The listing below must be repeated word for word, with its images excluded.

Dataset section:
┄┄┄┄┄┄┄┄┄┄

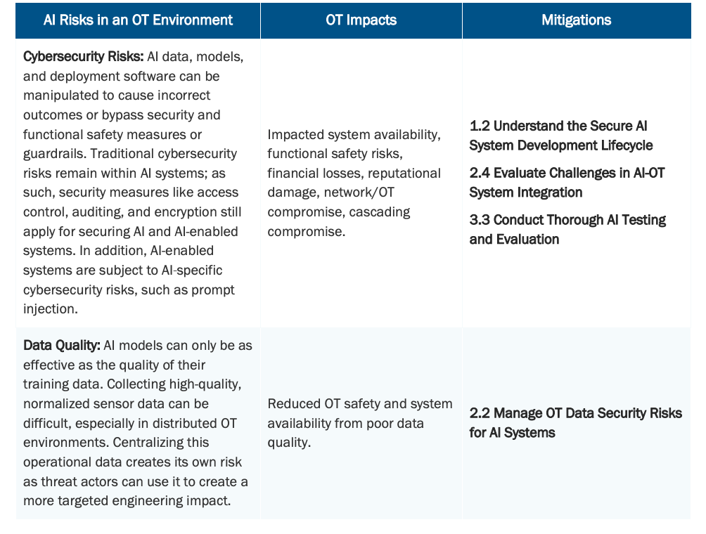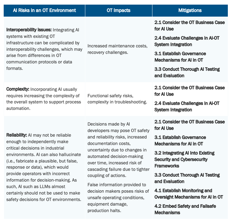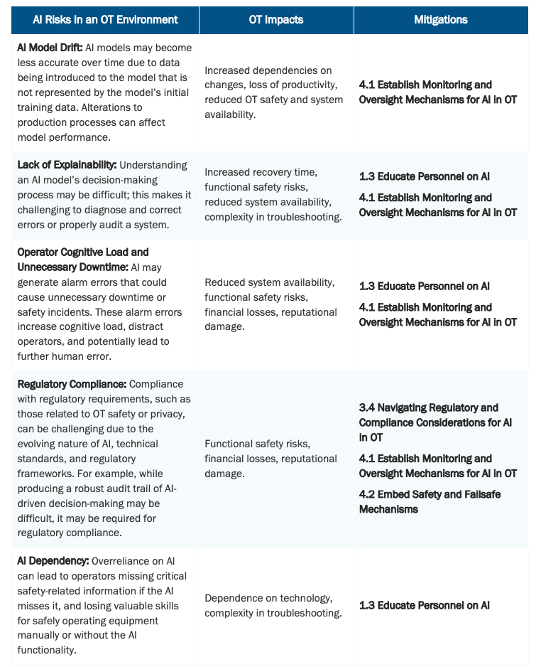 表2. OT环境中的AI风险与影响
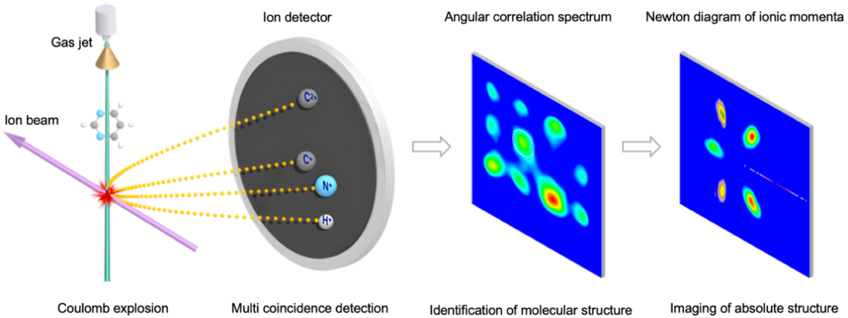 中國科學(xué)院近代物理研究所原子物理中心苑航博士、許慎躍研究員和馬新文研究員等在分子庫侖爆炸成像研究方面取得重要進(jìn)展,利用蘭州重離子加速器提供的高電荷態(tài)離子束流實(shí)現(xiàn)了對復(fù)雜分子的高精度結(jié)構(gòu)成像。相關(guān)成果于11月7日發(fā)表在Physical Review Letters上。
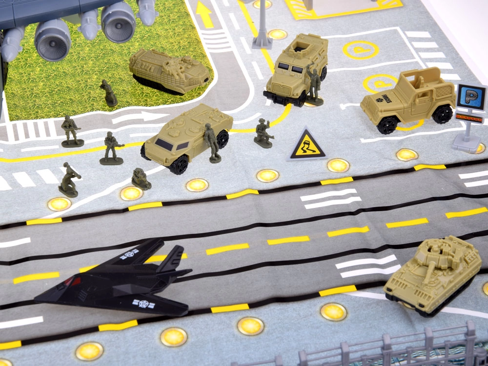 Zaženite akcijo z vojaško tehniko za otroke, ki bo otroško sobo spremenila v taktično bazo – tanki, vojaški avtomobili, oklepni transporterji, vojaška vozila, lovska letala, helikopterji in bojne ladje. Modeli izstopajo po realističnih podrobnostih, kot so vrtljive kupole, gibljive gosenice, odpirajoča se vrata ali podvozja z gumijastimi kolesi. Zahvaljujoč odpornim materialom in natančni izdelavi zmorejo tudi vsakodnevne misije med igro.

┄┄┄┄┄┄┄┄┄┄

Result for this task:
 表2. OT环境中的AI风险与影响
 中國科學(xué)院近代物理研究所原子物理中心苑航博士、許慎躍研究員和馬新文研究員等在分子庫侖爆炸成像研究方面取得重要進(jìn)展,利用蘭州重離子加速器提供的高電荷態(tài)離子束流實(shí)現(xiàn)了對復(fù)雜分子的高精度結(jié)構(gòu)成像。相關(guān)成果于11月7日發(fā)表在Physical Review Letters上。
 Zaženite akcijo z vojaško tehniko za otroke, ki bo otroško sobo spremenila v taktično bazo – tanki, vojaški avtomobili, oklepni transporterji, vojaška vozila, lovska letala, helikopterji in bojne ladje. Modeli izstopajo po realističnih podrobnostih, kot so vrtljive kupole, gibljive gosenice, odpirajoča se vrata ali podvozja z gumijastimi kolesi. Zahvaljujoč odpornim materialom in natančni izdelavi zmorejo tudi vsakodnevne misije med igro.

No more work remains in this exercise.